The transition of Oasis Securities’ valuation from attractive to fair suggests that the stock has become less compelling on a pure valuation basis. Investors should weigh the company’s solid long-term returns and positive profitability against the elevated P/E and PEG ratios, which imply limited upside without significant earnings growth acceleration.

Given the Strong Sell Mojo Grade and the downgrade from Sell, caution is warranted. The stock’s recent price surge may reflect short-term speculative interest rather than fundamental improvement. Comparisons with peers reveal that more attractively valued NBFCs exist, some with stronger growth prospects or better risk profiles.

For investors seeking exposure to the NBFC sector, a thorough analysis of alternative micro-cap and small-cap stocks with more favourable valuation metrics and higher quality grades is advisable before committing capital to Oasis Securities.
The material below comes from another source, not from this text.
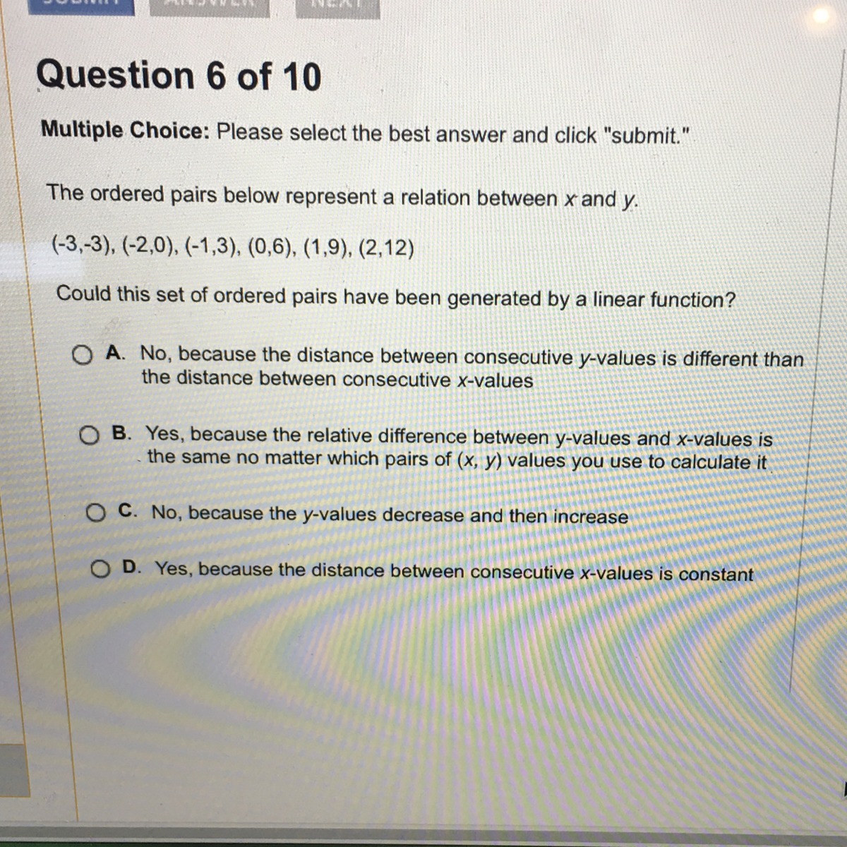 So, the given relation is a linear function because the relative difference between y values and x values is the same no matter which pairs of (x,y) you use to calculate it

Historical Valuation Context

Historically, Oasis Securities traded at lower P/E multiples, which contributed to its attractive valuation grade. The current P/E of 28.74 is elevated relative to its own past averages and the broader NBFC sector median. This shift reflects both the stock’s price appreciation and a more cautious earnings outlook.

Similarly, the P/BV ratio of 2.02, while not extreme, is higher than the levels seen during periods of market pessimism, signalling that investors are pricing in a recovery or growth that has yet to fully materialise in financial results.

Conclusion

Oasis Securities Ltd’s valuation adjustment from attractive to fair is a critical development for investors monitoring the NBFC space. While the company boasts strong long-term returns and reasonable profitability, its current valuation metrics suggest limited margin for error. The downgrade in Mojo Grade to Strong Sell further emphasises the need for prudence.

Investors should consider the broader sector landscape, peer valuations, and the company’s financial health before making investment decisions. The stock’s recent volatility and valuation premium highlight the importance of a disciplined approach in this micro-cap NBFC segment.